There is much talk about the looming gap between the opportunities being created by big data and finding workers with the right skills and expertise to fill these positions. A recent study by Gartner predicts that by 2015, 4.4 million IT jobs globally will be created to support big data opportunities within brands.

With these opportunities come challenges, not least how you use the data in a responsible way without alienating the customers you are hoping to offer better services and products to. This has led some to suggest brands need a Big Data Ethicist, charged with ensuring data is used in a responsible and ethical way.

Ways your business could be damaged by use of big data

The damage to a brand from use of big data can impact in three main ways: the brand and reputation, the relationship with customers and financial. Three simple examples of these are:

  1. Damaging the brand reputation: Target’s brand was damaged when their predictive analytics team knew about a teenage girl’s pregnancy before she could break the news to her own father. This sparked outrage about the legality of Target’s actions and many people have started questioning various companies’ marketing techniques and using their club-cards
  2. Alienating customers: TomTom, maker of popular GPS navigation devices, was forced to apologize after news that Dutch police had used data gathered from drivers TomTom devices to set speed traps up. The scandal resulted in TomTom slashing their 2011 sales figures down by $90 million and company’s CEO issuing a statement assuring customers that it would investigate how the data they sold was being used
  3. Fines: Google was hit with a $22.5 million fine for embedding software that bypassed privacy settings of millions of Apple devices in order to collect users viewing data for their direct marketing efforts.

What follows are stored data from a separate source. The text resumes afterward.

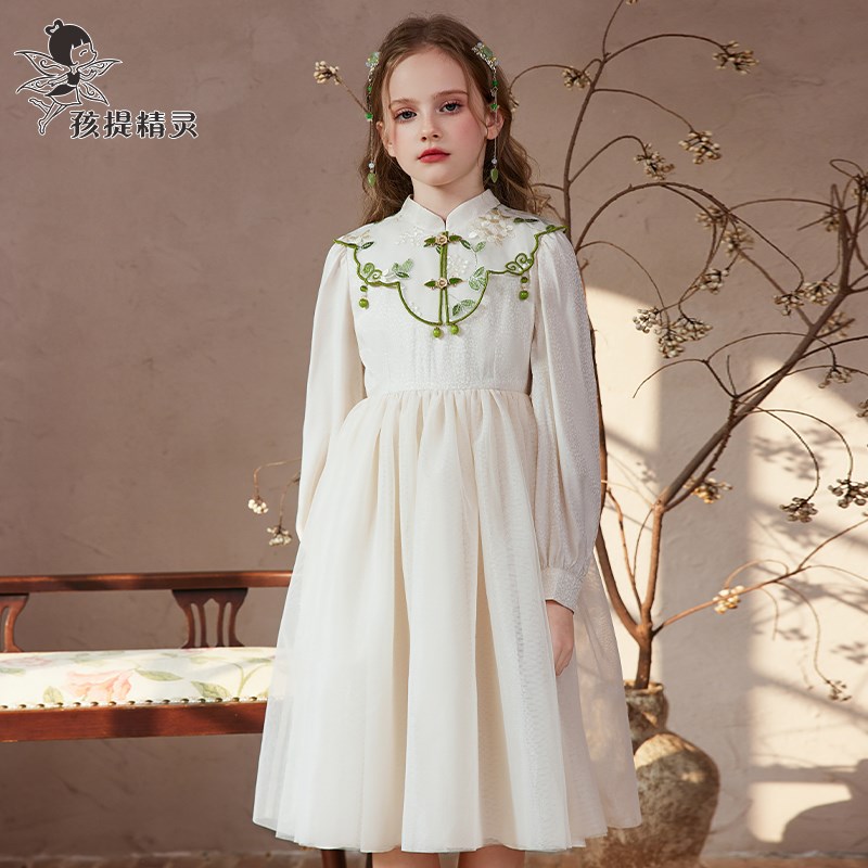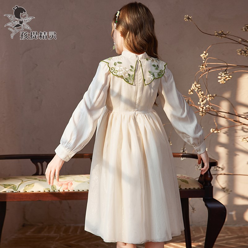 洋气儿童蕾丝公主裙中大童裙子 新款 女童新中式 国风连衣裙2024秋装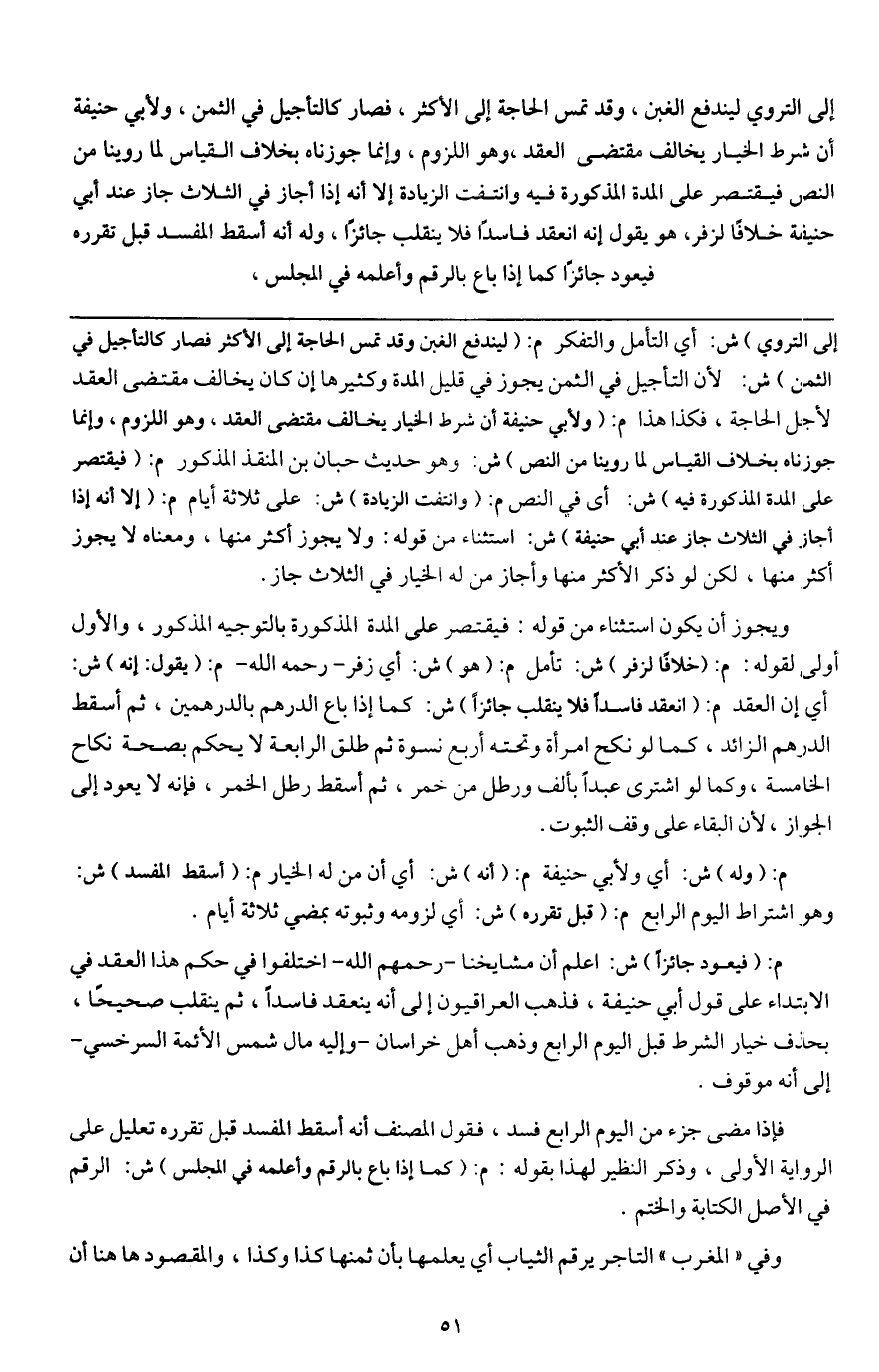 ـــــــــــــــــــــــــــــQإلى التروي) ش: أي التأمل والتفكر م: (ليندفع الغبن وقد تمس الحاجة إلى الأكثر فصار كالتأجيل في الثمن) ش: لأن التأجيل في الثمن يجوز في قليل المدة وكثيرها إن كان يخالف مقتضى العقد لأجل الحاجة، فكذا هذا م: (ولأبي حنيفة أن شرط الخيار يخالف مقتضى العقد، وهو اللزوم، وإنما جوزناه بخلاف القياس لما روينا من النص) ش: وهو حديث حبان بن المنقذ المذكور م: (فيقتصر على المدة المذكورة فيه) ش: أي في النص م: (وانتفت الزيادة) ش: على ثلاثة أيام م: (إلا أنه إذا أجاز في الثلاث جاز عند أبي حنيفة) ش: استثناء من قوله: ولا يجوز أكثر منها، ومعناه لا يجوز أكثر منها، لكن لو ذكر الأكثر منها وأجاز من له الخيار في الثلاث جاز.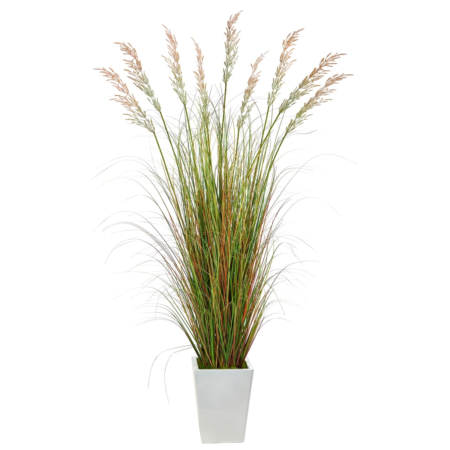 Artificial Grass Plant 74In Indoor Outdoor Decor White Planter - Green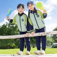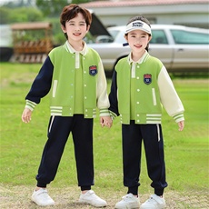 学院风绿色棒球服校服套装中小学生秋冬新儿童一年级班服幼儿园服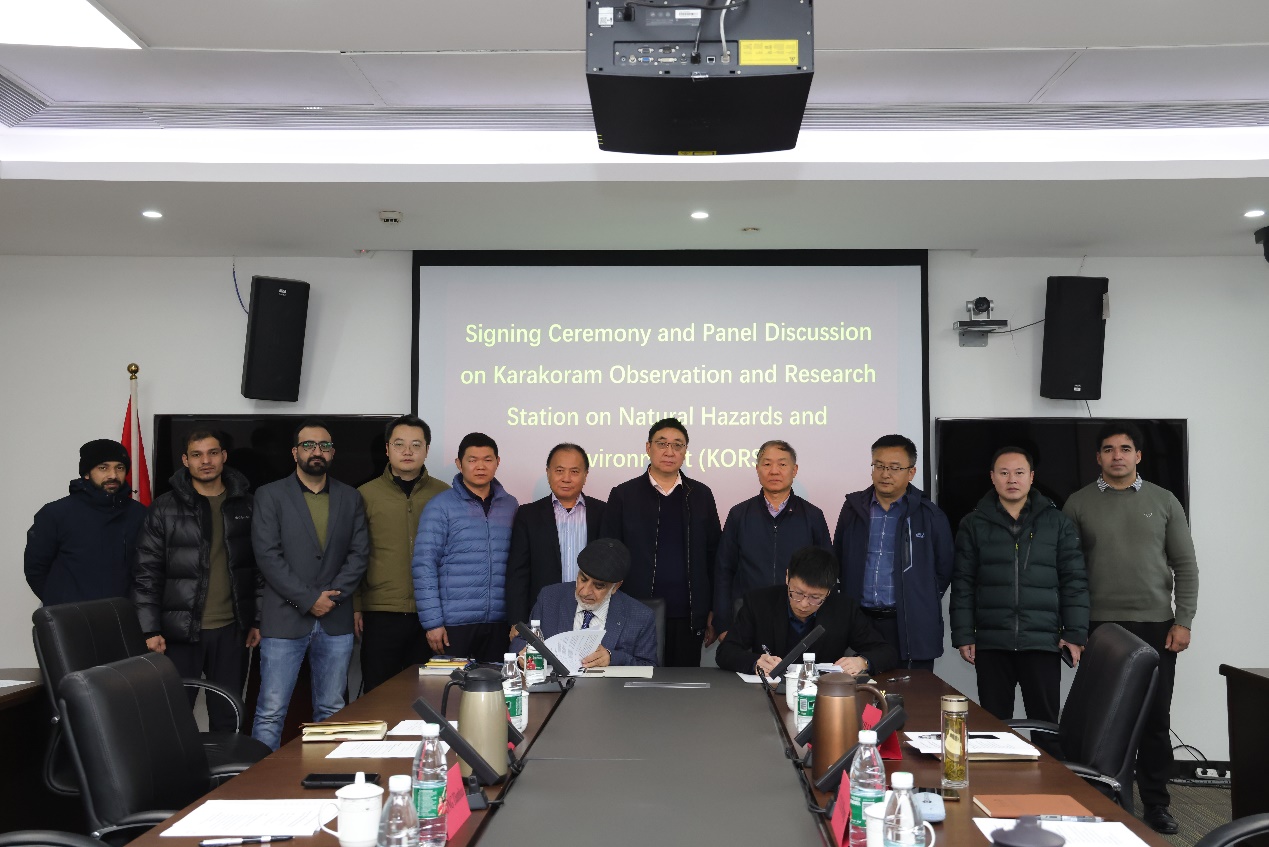 ????2月19日,中国科学院中国-巴基斯坦地球科学研究中心(简称“中巴中心”)与巴基斯坦喀喇昆仑国际大学签署合作协议,共建喀喇昆仑环境灾害观测研究站??ヂ毓蚀笱3ぐ⑺诶ど嘲ⅲˋttaullah Shah),成都山地所所长康世昌,中巴中心主任苏立君、常务副主任兼首席科学家崔鹏院士、副主任雷雨等出席活动?;嵋橛芍葱兄魅魏樘旎鞒?。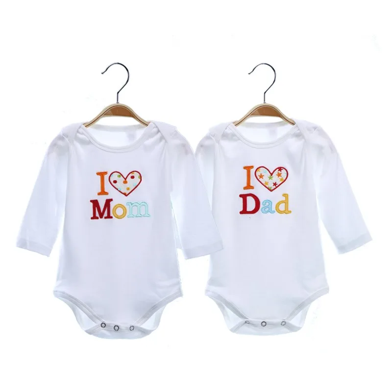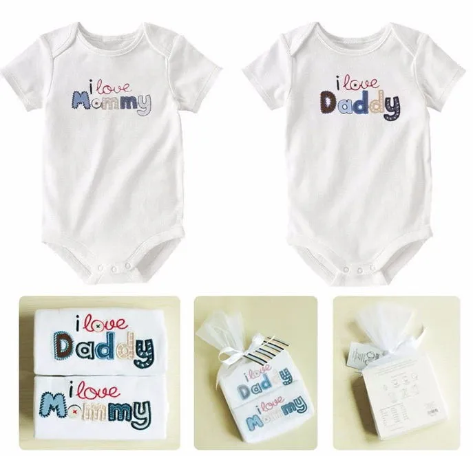 2PCS/LOT Newborn Baby Clothing Long Sleeve Cotton baby Rompers Girls Boys Clothes roupas de bebe infantil costumes 1Lot=2 Pieces=I love MOM+ I love DAD With beautiful gift package Size :0-6Months,6-12Months, 12-18 Months,18-24 Months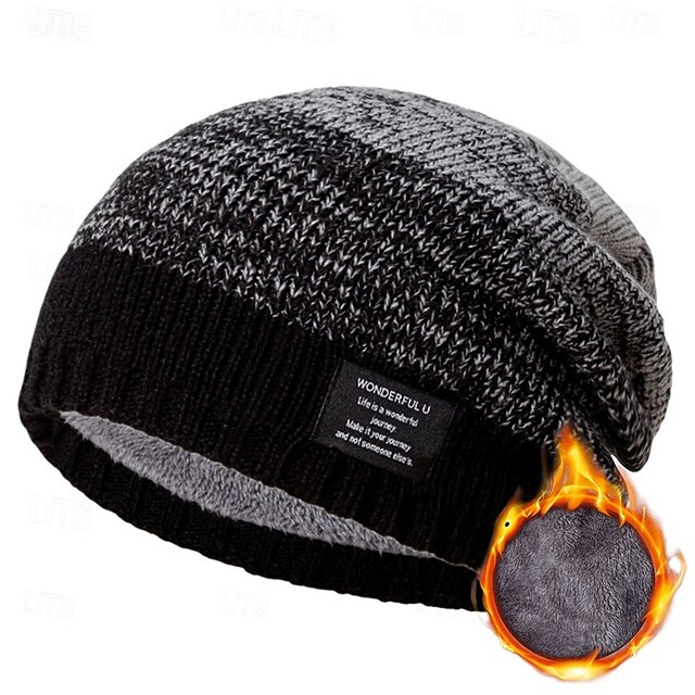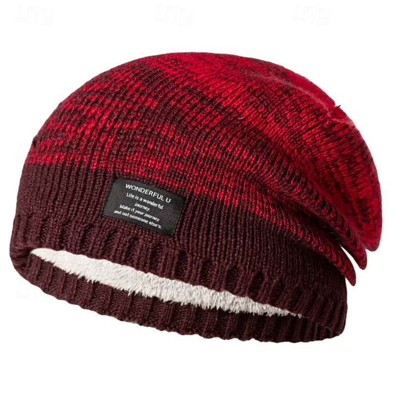 More information about Men's Unisex Beanie Hat Winter Hats Beanies Skull Cap Knit Hat Red khaki Acrylic Fibers Knitted Cozy Daily Wear Going out Color Block Warm

The role of a Big Data Ethicist

The role of a Big Data Ethicist in any firm should be to build a culture in an organisation of using big data in a way that strengthens the relationship with customers, respecting their desires for privacy but helping to deliver better products and services to them. Typically a Big Data Ethicist would be responsible for:

  • Thinking through the legal consequences and implications of the data and information your company will be creating, using and publishing
  • Build customer trust over the use of your big data activities
  • Consideration of long-term, far-reaching implications of the use of big data technologies, for example a backlash from consumers over companies’ use of their data
  • Help decisions makers plan new big data activities

How might this role fit into existing roles and processes? Are brands that are experimenting with big data considering these ethical issues?